HTAP Database PostgreSQL Scenario and Performance Testing 21 - (OLTP+OLAP) Sorting and Indexing

Keywords: github PostgreSQL Big Data Database

Label

PostgreSQL, HTAP, OLTP, OLAP, Scenario and Performance Testing

background

PostgreSQL is a database with a long history, which can be traced back to 1973. It was first awarded by the 2014 Computer Turing Prize winner and the originator of relational database. Michael_Stonebraker PostgreSQL has similar functions, performance, architecture and stability as Oracle.

The PostgreSQL community has many contributors, from all walks of life around the world. Over the years, PostgreSQL releases a large version every year, known for its enduring vitality and stability.

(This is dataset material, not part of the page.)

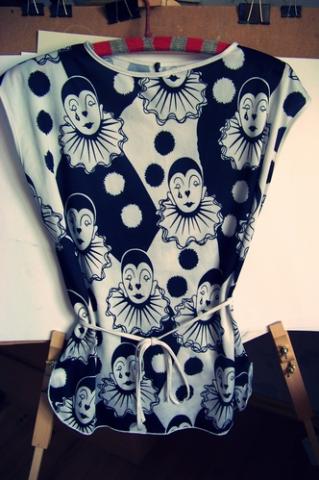 100% polyester. Juoda balta. Apacioj prisiutas raistelis, susirisa. Dydis pakankamai universalus.

In October 2017, PostgreSQL released version 10, which carries many amazing features. The goal is to meet the requirements of mixed HTAP scenarios of OLAP and OLTP:

PostgreSQL 10 features, the most popular HTAP database for developers

1. Multi-core Parallel Enhancement

2. fdw aggregation push-down

3. Logical Subscription

4, zoning

5. Multi-copies at the financial level

6. json, jsonb full-text retrieval

7. There are also some features of plug-in form, such as vector computing, JIT, SQL graph computing, SQL stream computing, distributed parallel computing, time series processing, gene sequencing, chemical analysis, image analysis, etc.

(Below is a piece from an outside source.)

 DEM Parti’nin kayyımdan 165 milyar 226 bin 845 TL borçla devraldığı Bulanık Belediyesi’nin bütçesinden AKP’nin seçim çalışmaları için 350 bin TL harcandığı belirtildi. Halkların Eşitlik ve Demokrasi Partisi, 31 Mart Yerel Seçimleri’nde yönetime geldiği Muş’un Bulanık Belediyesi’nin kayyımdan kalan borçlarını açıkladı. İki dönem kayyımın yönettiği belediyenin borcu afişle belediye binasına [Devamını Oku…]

PostgreSQL can be seen in various application scenarios:

PostgreSQL has developed very rapidly in recent years. From the database scoring trend of dbranking, a well-known database evaluation website, we can see the upward trend of PostgreSQL:

From the annual community meetings held in PostgreSQL China, we can see the same trend. More and more companies are participating, more and more companies are sharing, and more and more subjects are shared. They span traditional enterprises, Internet, medical, financial, state-owned enterprises, logistics, e-commerce, social networking, vehicle networking, sharing XX, cloud, game, public transport, aviation, railway, military, training. Training, consulting services, etc.

The next series of articles will introduce various application scenarios and corresponding performance indicators of PostgreSQL.

Environmental Science

Reference to Environmental Deployment Method:

PostgreSQL 10 + PostGIS + Sharing (pg_pathman) + MySQL (fdw external table) on ECS Deployment Guide (for new users)

Aliyun ECS: 56 core, 224G, 1.5TB*2 SSD cloud disk.

Operating System: CentOS 7.4 x64

Database version: PostgreSQL 10

PS: The CPU and IO performance of ECS is discounted by physical opportunity, and can be estimated by one-fold performance decline. Running physical mainframe can be estimated by multiplying the performance tested here by 2.

Scenario-Sorting, Indexing (OLTP+OLAP)

1, background

1. In OLTP, sorting is usually the sorting of small data sets.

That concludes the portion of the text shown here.